§ Assigned task
Repeat the data exactly. Pictures stay out.

___ Data section ___

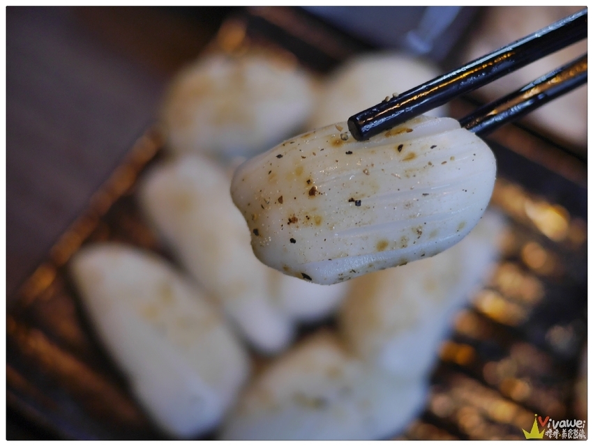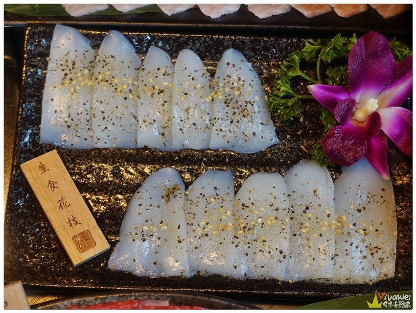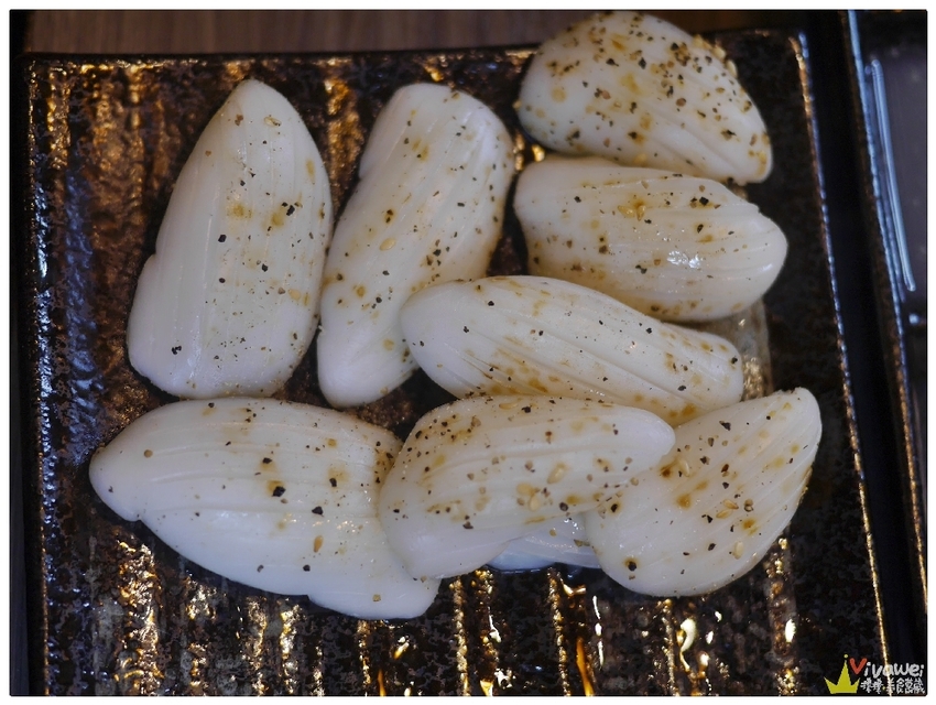 ▲生食花枝僅用胡椒和芝麻提味~花枝烤到有點捲曲的時候就可以吃囉!花枝的口感脆Q~新鮮度極高!單吃就能吃到天然的海味!還蠻特別的👍
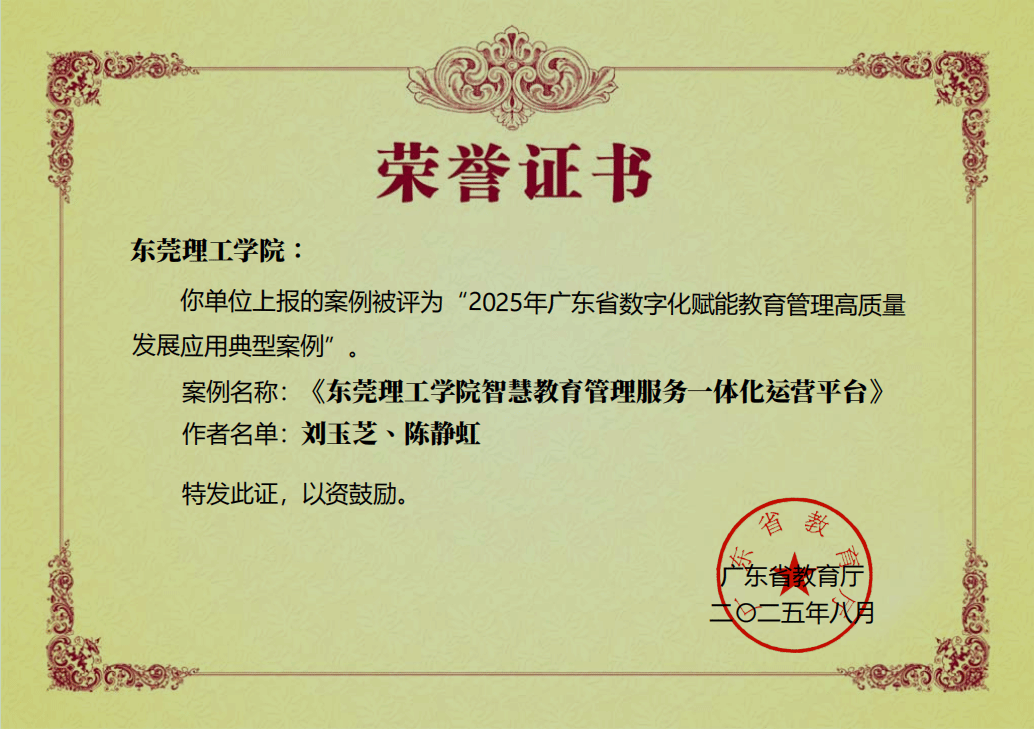 近日,广东省教育厅发布《关于对2025年广东省数字化赋能教育管理高质量发展应用典型案例予以表扬的通报》(粤教事务函〔2025〕10号),我校申报的《45612藏宝阁资料智慧教育管理服务一体化运营平台》案例成功入选。该案例系统总结了我校智慧教育管理服务一体化运营平台建设中的实践成果,梳理了深入推动数字化教育管理服务的创新思路与实施路径,为我省高等教育数字化转型提供了可复制、可借鉴的莞工样本。
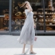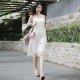 【介面原创女装】春夏季莫代尔修身气质白色复古中长款礼服连衣裙
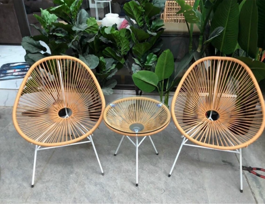 Bàn ghế ban công giả mây lõi thép thư giãn decor phòng khách sân vườn cafe
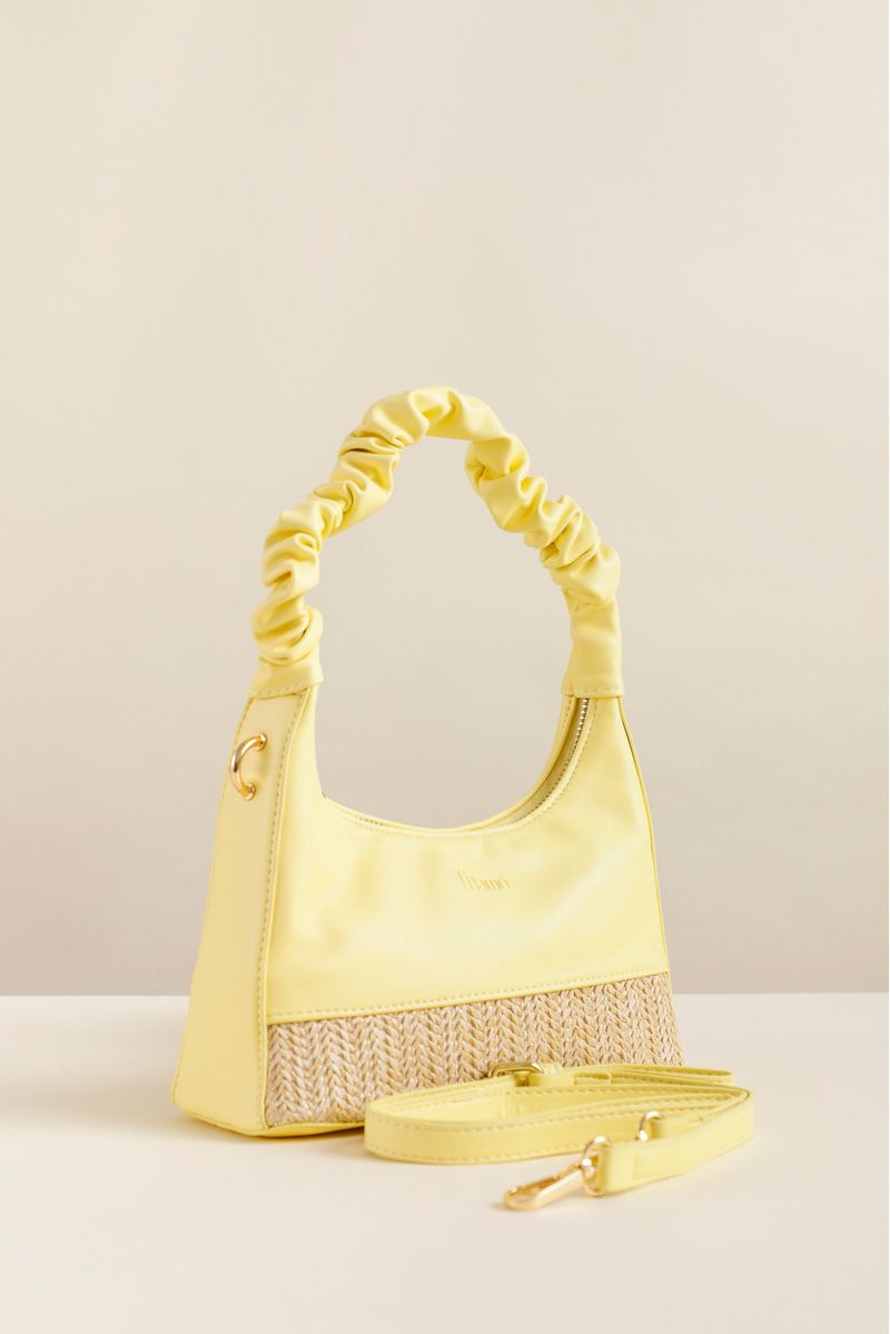 Bolsa mini tote com detalhe em ráfia, apresenta alças reguláveis e uma tira colo plissada, combinando elegância e praticidade em um acessório compacto.
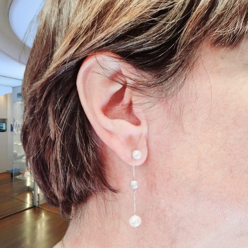 Orecchini Yukiko a pendenti in oro bianco 18kt con 2 perle misura 5/5,5, due perle  6,5/7 e due perle in oro diamantato. Le perle sono legate da una catenella rolo’ diamantata bianca Peso 2.60 gr. Lunghi 4.50 cm
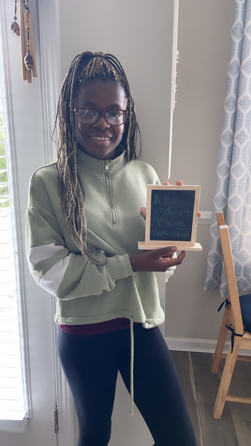 A’Bree’s (12) first day of 7th grade and A’Brahm’s (3) first day of pre-k, homeschool edition, August 2021
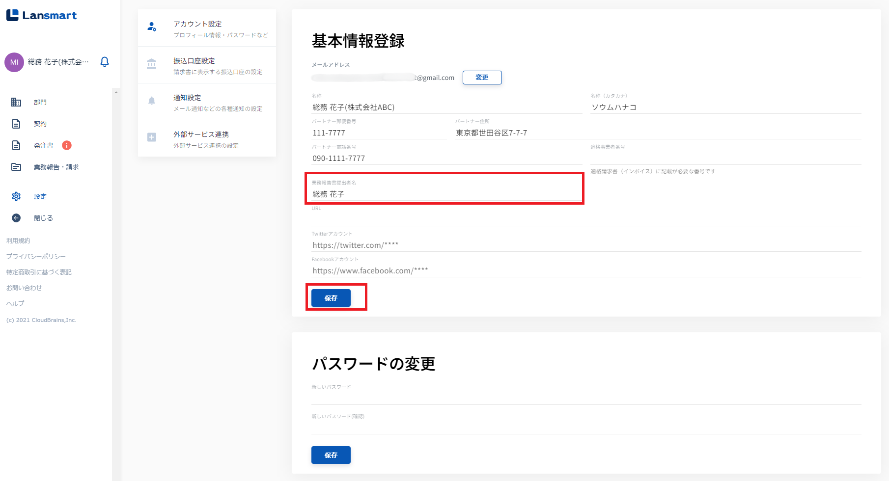 「保存」ボタンを押すと、設定が完了します。(請求書作成画面の「基本情報を編集」の項目の一番下「業務報告書提出者名」の欄には、設定した内容が反映されます。)
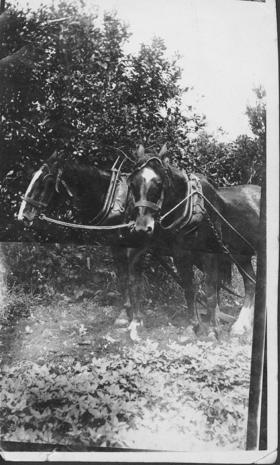 Date1930sReference NumberPhoto 99-1064DescriptionHorses working in the Tilby orchard, Matua in Ōtūmoetai (Tauranga) - Beauty and Darkie. 1930s. FormatPrintPhysical Descriptionblack and white printSource of AcquisitionAudrey Tilby Photographer/CreatorTilby family
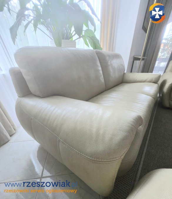 Sprzedam komplet wypoczynkowy w klasycznym stylu â wygodna sofa dwuosobowa i dwa szerokie fotele wykonane z naturalnej skóry w kolorze kremowym.
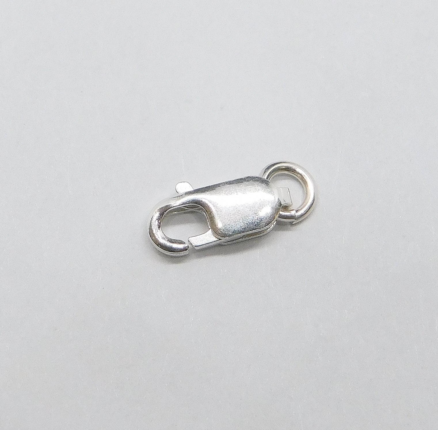 STERLING SILVER ELONGATED LOBSTER CLASP 8x3MM WITH RING. SOLD IN PACKAGES OF 1. ITEM #20248
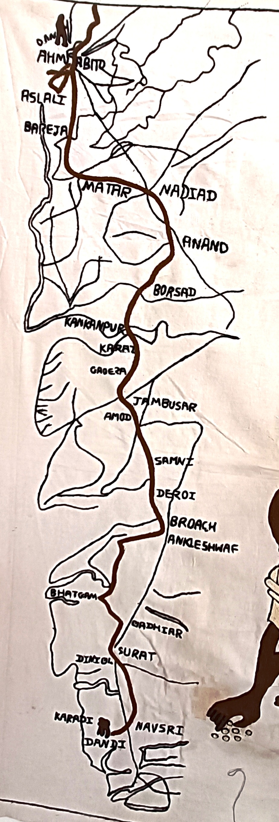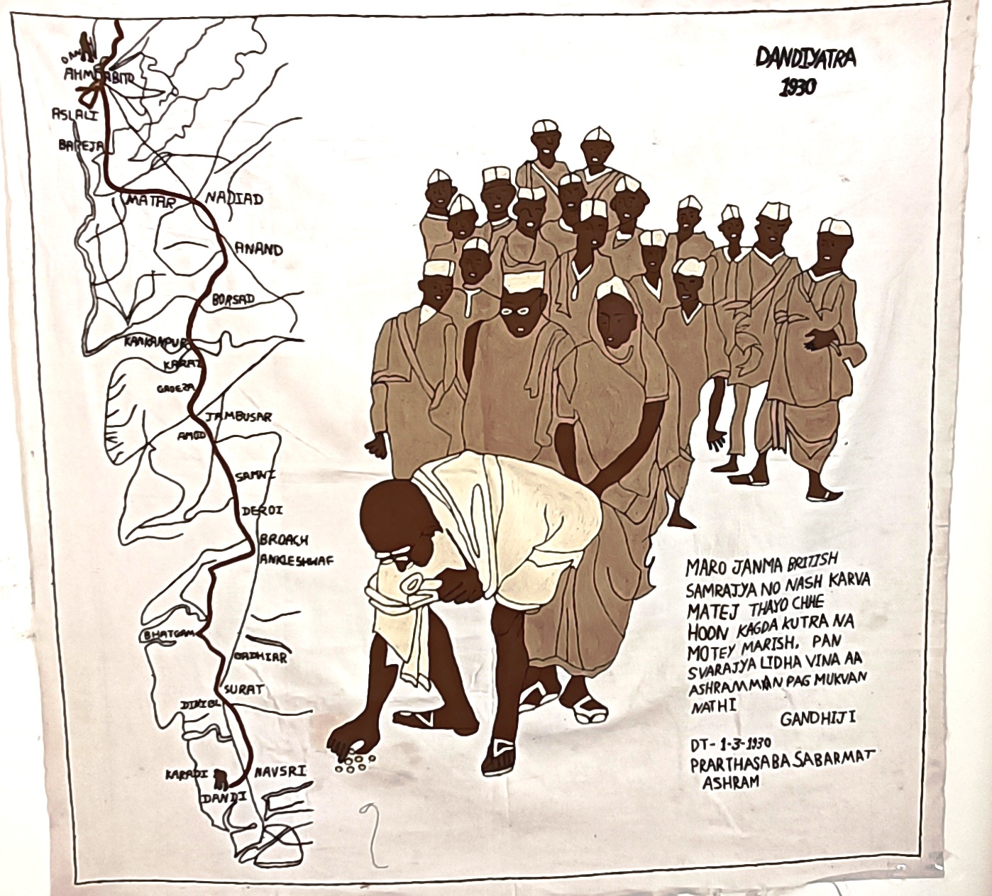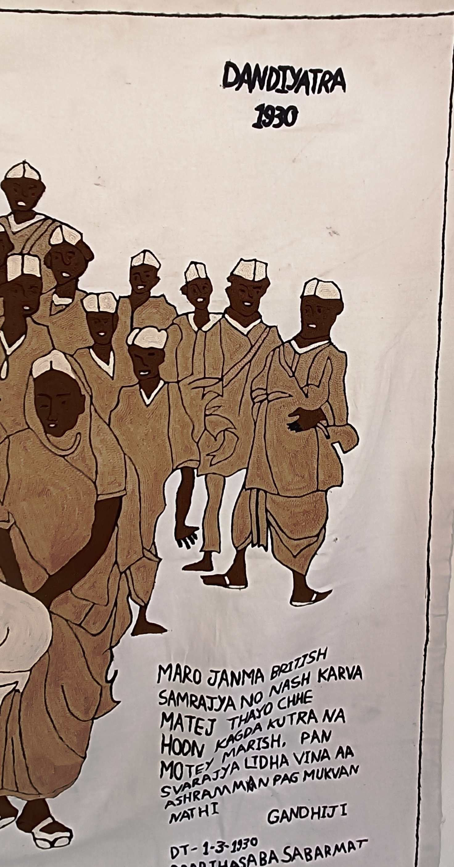 Every thread echoes the steps taken by Gandhi and his fellow satyagrahis, stitched slowly by hand to preserve a story that changed the course of a nation. The cream-colored cotton base offers both a traditional canvas and a humble nod to Gandhi’s own advocacy for natural fibers and khadi.
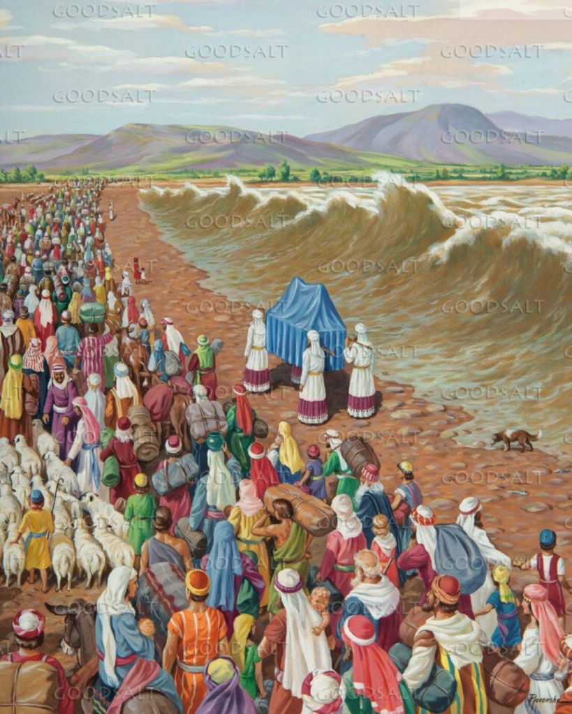 Joshua 3:9–11, 13–17 (NIV): 9 Joshua said to the Israelites, “Come here and listen to the words of the LORD your God. 10 This is how you will know that the living God is among you and that he will certainly drive out before you the Canaanites, Hittites, Hivites, Perizzites, Girgashites, Amorites and Jebusites. 11 See, the ark of the covenant of the Lord of all the earth will go into the Jordan ahead of you. 13 And as soon as the priests who carry the ark of the LORD—the Lord of all the earth—set foot in the Jordan, its waters flowing downstream will be cut off and stand up in a heap.” 14 So when the people broke camp to cross the Jordan, the priests carrying the ark of the covenant went ahead of them. 15 Now the Jordan is at flood stage all during harvest. Yet as soon as the priests who carried the ark reached the Jordan and their feet touched the water’s edge, 16 the water from upstream stopped flowing. It piled up in a heap a great distance away, at a town called Adam in the vicinity of Zarethan, while the water flowing down to the Sea of the Arabah (that is, the Dead Sea) was completely cut off. So the people crossed over opposite Jericho. 17 The priests who carried the ark of the covenant of the LORD stopped in the middle of the Jordan and stood on dry ground, while all Israel passed by until the whole nation had completed the crossing on dry ground.
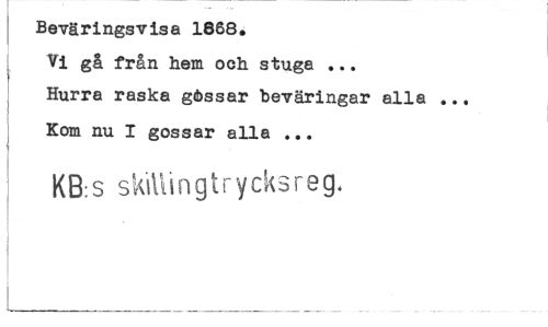 //// Beväringsvisa 1868* Vi gå från hem och stuga ... Hurra raska gössar beväringar alla ... Kom nu I gossar alla ... //// KB:S skilt i n gir y eks re g. ////

___

§ Your response
 ▲生食花枝僅用胡椒和芝麻提味~花枝烤到有點捲曲的時候就可以吃囉!花枝的口感脆Q~新鮮度極高!單吃就能吃到天然的海味!還蠻特別的👍
 近日,广东省教育厅发布《关于对2025年广东省数字化赋能教育管理高质量发展应用典型案例予以表扬的通报》(粤教事务函〔2025〕10号),我校申报的《45612藏宝阁资料智慧教育管理服务一体化运营平台》案例成功入选。该案例系统总结了我校智慧教育管理服务一体化运营平台建设中的实践成果,梳理了深入推动数字化教育管理服务的创新思路与实施路径,为我省高等教育数字化转型提供了可复制、可借鉴的莞工样本。
 【介面原创女装】春夏季莫代尔修身气质白色复古中长款礼服连衣裙
 Bàn ghế ban công giả mây lõi thép thư giãn decor phòng khách sân vườn cafe
 Bolsa mini tote com detalhe em ráfia, apresenta alças reguláveis e uma tira colo plissada, combinando elegância e praticidade em um acessório compacto.
 Orecchini Yukiko a pendenti in oro bianco 18kt con 2 perle misura 5/5,5, due perle  6,5/7 e due perle in oro diamantato. Le perle sono legate da una catenella rolo’ diamantata bianca Peso 2.60 gr. Lunghi 4.50 cm
 A’Bree’s (12) first day of 7th grade and A’Brahm’s (3) first day of pre-k, homeschool edition, August 2021
 「保存」ボタンを押すと、設定が完了します。(請求書作成画面の「基本情報を編集」の項目の一番下「業務報告書提出者名」の欄には、設定した内容が反映されます。)
 Date1930sReference NumberPhoto 99-1064DescriptionHorses working in the Tilby orchard, Matua in Ōtūmoetai (Tauranga) - Beauty and Darkie. 1930s. FormatPrintPhysical Descriptionblack and white printSource of AcquisitionAudrey Tilby Photographer/CreatorTilby family
 Sprzedam komplet wypoczynkowy w klasycznym stylu â wygodna sofa dwuosobowa i dwa szerokie fotele wykonane z naturalnej skóry w kolorze kremowym.
 STERLING SILVER ELONGATED LOBSTER CLASP 8x3MM WITH RING. SOLD IN PACKAGES OF 1. ITEM #20248
 Every thread echoes the steps taken by Gandhi and his fellow satyagrahis, stitched slowly by hand to preserve a story that changed the course of a nation. The cream-colored cotton base offers both a traditional canvas and a humble nod to Gandhi’s own advocacy for natural fibers and khadi.
 Joshua 3:9–11, 13–17 (NIV): 9 Joshua said to the Israelites, “Come here and listen to the words of the LORD your God. 10 This is how you will know that the living God is among you and that he will certainly drive out before you the Canaanites, Hittites, Hivites, Perizzites, Girgashites, Amorites and Jebusites. 11 See, the ark of the covenant of the Lord of all the earth will go into the Jordan ahead of you. 13 And as soon as the priests who carry the ark of the LORD—the Lord of all the earth—set foot in the Jordan, its waters flowing downstream will be cut off and stand up in a heap.” 14 So when the people broke camp to cross the Jordan, the priests carrying the ark of the covenant went ahead of them. 15 Now the Jordan is at flood stage all during harvest. Yet as soon as the priests who carried the ark reached the Jordan and their feet touched the water’s edge, 16 the water from upstream stopped flowing. It piled up in a heap a great distance away, at a town called Adam in the vicinity of Zarethan, while the water flowing down to the Sea of the Arabah (that is, the Dead Sea) was completely cut off. So the people crossed over opposite Jericho. 17 The priests who carried the ark of the covenant of the LORD stopped in the middle of the Jordan and stood on dry ground, while all Israel passed by until the whole nation had completed the crossing on dry ground.
 //// Beväringsvisa 1868* Vi gå från hem och stuga ... Hurra raska gössar beväringar alla ... Kom nu I gossar alla ... //// KB:S skilt i n gir y eks re g. ////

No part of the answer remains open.